18.0, 14.0, 34.5, 10, 11.3, 10, 12.4, 10

Answer:

You may find it easier to sort first.

10, 10, 10, 11.3, 12.4, 14.0, 18.0, 34.5

Select the value that occurs the most.

Interpretation: Most of the players signed the bonuses of 10 thousand ringgits Malaysia.

Example 2.7

The data show the number of licensed nuclear reactors in the certain country for a recent 15-year period. Find the mode.

103 103 103 103 103 106 108 108 108 110 108 112 112 112 108

Answer:

103 and 108 both occur the most. The data set is said to be bimodal. The modals are 103 and 108.

Properties of mode

• Used when the most typical case is desired.
• Easiest average to compute.
• Can be used with nominal data.
• Not always unique or may not exist.

Distributions Shape

Figure 7: a) Positively skewed or right-skewed

Figure 7: b) Symmetrical distribution since mean, mode and median are equal

Figure 7: c) Negatively skewed or left-skewed

2.3.2 Measure of variation

Measures of variation include range, standard deviation, variance, and coefficient of variation.

The range is the difference between the highest and lowest values in a data set. Range = Highest – Lowest

The population variance is the average of the squares of the distance each value is from the mean.

The standard deviation is the square root of the variance.

Example 2.8

The table below shows the life-long (in months) of two brands of paint.

Brand XX	Brand YY
10	35
60	45
50	30
30	35
40	40
20	25

Determine the mean and standard deviation for the above data.

Answer:

Brand XX: \(\mu = mean = \frac{\sum{x}}{N} = \frac{210}{6} = 35\) and \(Range = 60 - 10 = 50\).

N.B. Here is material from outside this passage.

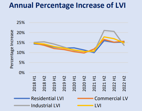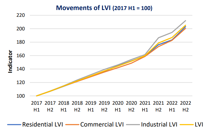 Commercial LVI recorded the highest annual increase of 15.7 per cent, followed by Residential LVI (15.2) and Industrial LVI (13.6). However, a downward trend was observed in the annual increase of LVI in second half of 2022, driven by the decline in the annual increase of Industrial LVI. Meanwhile, the annual growth of Residential and Commercial LVIs increased slightly during the second half of 2022.
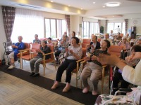 毎週水曜日は音楽療法の日、皆さん楽しそうにそして真剣に行ってましたが・・・)^o^(ちょっと失礼!強引にカメラを向けさせて頂くと、綺麗に撮ってね~(*^。^*)と、お顔を向けて下さいました。(^O^)ありがとうございます。

Brand YY: \(\mu = mean = \frac{\sum{x}}{N} = \frac{210}{6} = 35\) and \(Range = 45 -25 = 20\).

The average for both brands is the same, but the range for Brand XX is much greater than the range for Brand YY. Which brand would you buy?

Uses of the Variance and Standard Deviation

• To determine the spread of the data.
• To determine the consistency of a variable.
• To determine the number of data values that fall within a specified interval in a distribution (Chebyshev’s Theorem).
• Used in inferential statistics.

Population variance:

\[ \sigma^2 = \frac{\sum{(X - \mu)^2}}{N} \]

Population Standard Deviation

\[ \sigma = \sqrt{ \frac{\sum{(X - \mu)^2}}{N}} \]

Sample variance:

\[ s^2 = \frac{\sum{(X - \bar{X})^2}}{n-1}\ \ \ or\ \ \ s^2 = \frac{1}{n-1}\left[\sum{X^2} - \frac{(\sum{X})^2}{n}\right] \]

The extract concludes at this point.